I have a cylinder where the top is given by $ z=-2$ the bottom is $z=2$ and the "lateral surface" is $x^2+y^2=1$. I have to find$\iint_{s}(4x+3y+z^2) \ dS$. I know this involves using the divergence theorem and then plugging in the answer into the volume of a cylinder but I have no idea how to set up the limits on the triple integral once I have found the partials and split up the integral for the divergence theorem. Thanks.

Answer 1

EDIT: The OP's desire to apply the divergence theorem is ambitious, but can be achieved. To apply the Divergence Theorem, we must have the surface integral in the form of $\iint_S \vec F\cdot\vec n dS$. So this problem gets sneaky. To this end:

Consider the vector field $\vec F_1=(4,3,(4x+3y)z/2)$. Since $\vec n = (x,y,0)$ on the lateral surface and $\vec n = (0,0,z/2)$ on the two disks, this accounts for $\iint_S (4x+3y)dS$ and gives us flux $\iiint_V \text{div}\vec F_1 dV =\iiint_V \frac12(4x+3y)dV = 0$, by symmetry. Now consider $\vec F_2 = z^2(x,y,z/2)$. By similar reasoning, its flux across $S$ is indeed $\iint_S z^2 dS$. So the flux of $\vec F_2$ is $$\iiint_V \text{div} F_2 dV = \iiint_V \frac72z^2\,dV =\frac72\int_0^{2\pi}\int_0^1\int_{-2}^2 z^2r dzdrd\theta = \frac{56}3\pi\,.$$
(Note that we do indeed get the same answer by the much simpler direct calculation.)

Answer 2

There is nothing wrong with this approach! The OP said "I know it involves using the divergence theorem.." but this does not mean that he is not interested in other approach.
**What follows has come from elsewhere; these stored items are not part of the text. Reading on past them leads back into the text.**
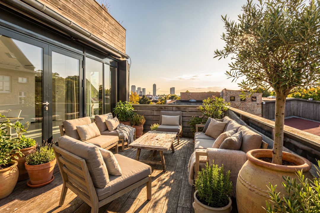 vinduespartier og udgang til en privat tagterrasse.
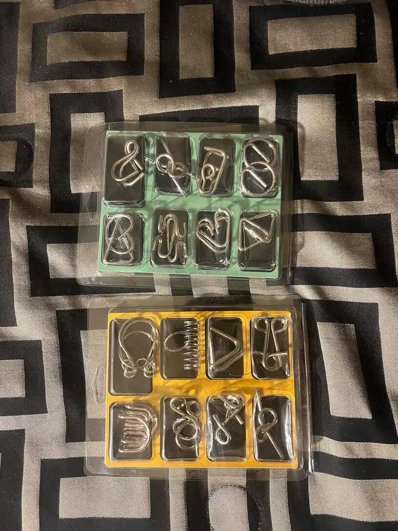 "I bought this puzzle ring set for family game nights, and it’s been a huge hit with both kids and adults because it really gets everyone thinking. The metal is sturdy and reusable, so it’s a fun challenge we can enjoy over and over again without it wearing out."
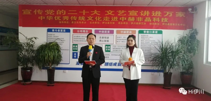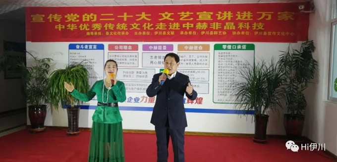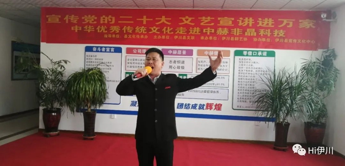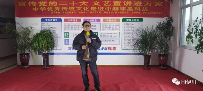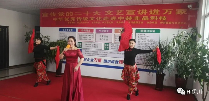 本次活動由伊川縣文化傳承辦指導,伊川縣文聯(lián)主辦,伊川縣群藝協(xié)承辦,伊川縣宣傳文化中心協(xié)辦。本次送文藝宣講進企業(yè)活動開展,由伊川縣群藝協(xié)文藝志愿者們結合黨的二十大精神,精心編排創(chuàng)作了歌曲、舞蹈、小品、朗誦等12個節(jié)目,為中赫非晶科技工人朋友們送去了一場精彩絕倫的文藝盛宴!
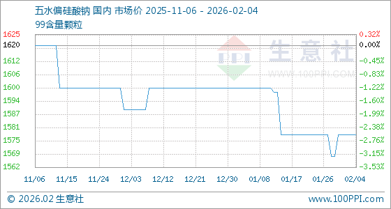 2月4日,生意社五水偏硅酸钠基准价为1578.00元/吨,与本月初持平。
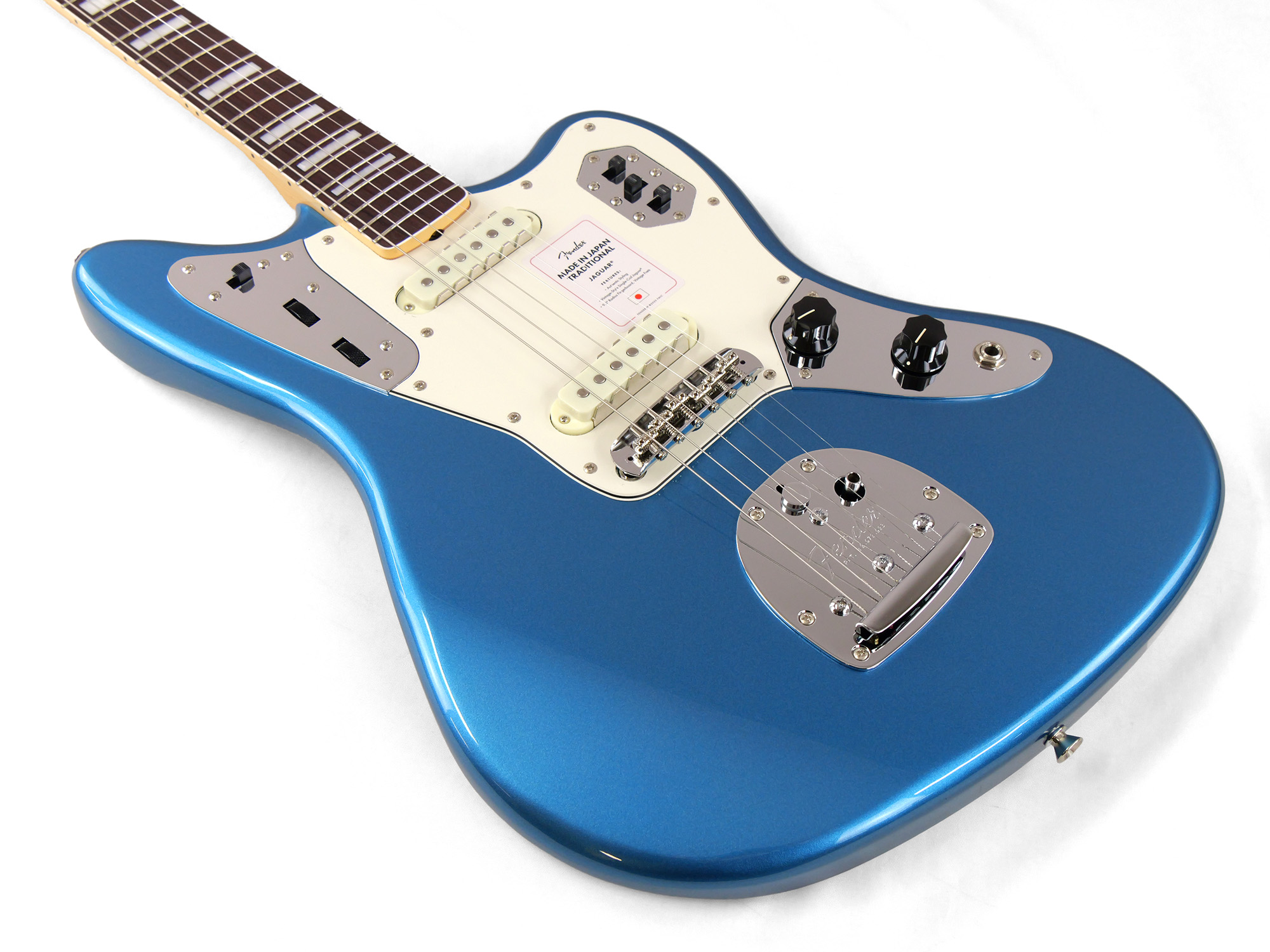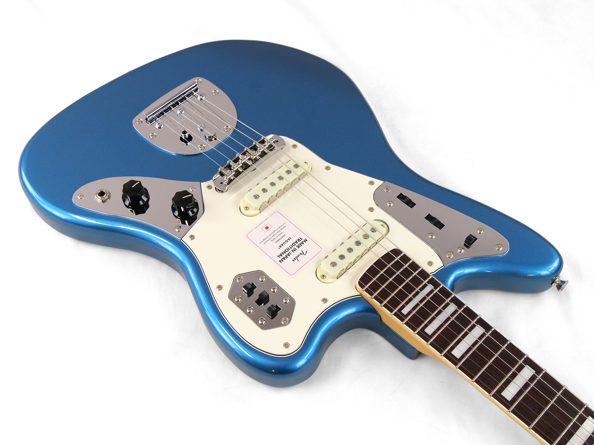 Made in Japan Traditional Late '60s Jaguar®はグロスフィニッシュのバスウッドボディに、ヴィンテージスタイルの22フレットを採用し、9.5インチラジアスの”U” シェイプメイプルネックがTraditionalシリーズならではのクラシカルな演奏製を提供します。フローティングトレモロテイルピース付きの6サドル式ヴィンテージスタイルブリッジ、そしてTraditionalシリーズのために選定されたオリジナルピックアップはリアルで音楽的なヴィンテージトーンを奏でます。 本製品は、60年代の後期から採用されていた、ネックにバインディングが施されブロックのポジションインレイを採用した製品のリイシューです。 堅実なギタークラフトマンシップと、プレイヤーのニーズに柔軟に対応する答えが、本シリーズに反映されています。
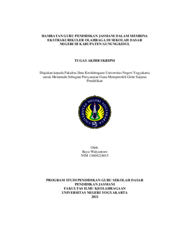 Widyantoro, Bayu (2021) HAMBATAN GURU PENDIDIKAN JASMANI DALAM MEMBINA EKSTRAKURIKULER OLAHRAGA DI SEKOLAH DASAR NEGERI DI KABUPATEN GUNUNGKIDUL. S1 thesis, Fakultas Ilmu Keolahragaan.

Since the surface $S$ consists of three parts, then the integral can be evaluated as

$$ \iint_{S} = \iint_{S_1} + \iint_{S_2} + \iint_{S_3} \longrightarrow (1) $$

First, we parametrize the lateral surface as

$$ r(u,v)= \langle \cos u, \sin u, v \rangle, \quad -2 \leq v \leq 2,\, 0\leq u \leq 2\pi. $$

Then, we have

$$\iint_{S} (4x+3y+z^2) dS = \int_{-2}^{2}\int_{0}^{2\pi} (4\cos u + 3\sin u +v^2)|\textbf{r}_u \times \textbf{r}_v|dudv .$$

For the second and the third integrals in $(1)$, you do not need to parametrize, just use the technique. Now, you should be able to finish the problem.

Note: We used the following identity

$$ \iint_{S} f \,dS = \iint_{T} f(\mathbf{x}(u, v)) \left\|{\partial \mathbf{x} \over \partial u}\times {\partial \mathbf{x} \over \partial v}\right\| du\, dv $$